§ **TASK DETAILS**
Repeat the listing below word for word, minus the pictures.

§ **GIVEN DATA**
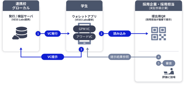 取り組みの第1弾として、就職活動中の学生と地元企業のマッチングをDID/VCで促進する実証実験を2026年4月1日に始める(図2)。実証に参画する企業の採用面接で、指定するVCを学生が面接時に提示する。選考企業は、これを選考評価に加味する。現在、京都府内で取り組みに参画する企業と教育機関を募集中である。
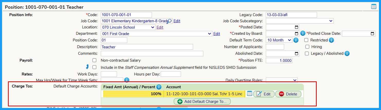 To utilize this option the District MUST have a default charge to set for the individuals respective Position Record. If the District is planning on utilizing this option, you can submit a FreshDersk Help Ticket help ticket requesting the Help Desk mass-set your blank default charge tos for all positions to the current position tracking records. We highly recommend all district request this task. This task can only be run once and the District must manually update the default charge tos if they change in the future.
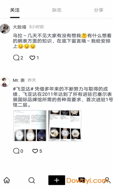 这里是表友们自由交流的天地,你可以分享自己收藏的珍贵腕表,记录与爱表相处的点点滴滴,或是讲述那些与腕表有关的难忘故事。平台支持图文并茂的分享方式,并设有点赞、评论等互动功能,让表友们能够轻松交流心得、互相学习。无论是日常佩戴体验,还是特殊场合的腕表搭配,都可以在这里找到共鸣。

§ **EXPECTED ANSWER**
 取り組みの第1弾として、就職活動中の学生と地元企業のマッチングをDID/VCで促進する実証実験を2026年4月1日に始める(図2)。実証に参画する企業の採用面接で、指定するVCを学生が面接時に提示する。選考企業は、これを選考評価に加味する。現在、京都府内で取り組みに参画する企業と教育機関を募集中である。
 To utilize this option the District MUST have a default charge to set for the individuals respective Position Record. If the District is planning on utilizing this option, you can submit a FreshDersk Help Ticket help ticket requesting the Help Desk mass-set your blank default charge tos for all positions to the current position tracking records. We highly recommend all district request this task. This task can only be run once and the District must manually update the default charge tos if they change in the future.
 这里是表友们自由交流的天地,你可以分享自己收藏的珍贵腕表,记录与爱表相处的点点滴滴,或是讲述那些与腕表有关的难忘故事。平台支持图文并茂的分享方式,并设有点赞、评论等互动功能,让表友们能够轻松交流心得、互相学习。无论是日常佩戴体验,还是特殊场合的腕表搭配,都可以在这里找到共鸣。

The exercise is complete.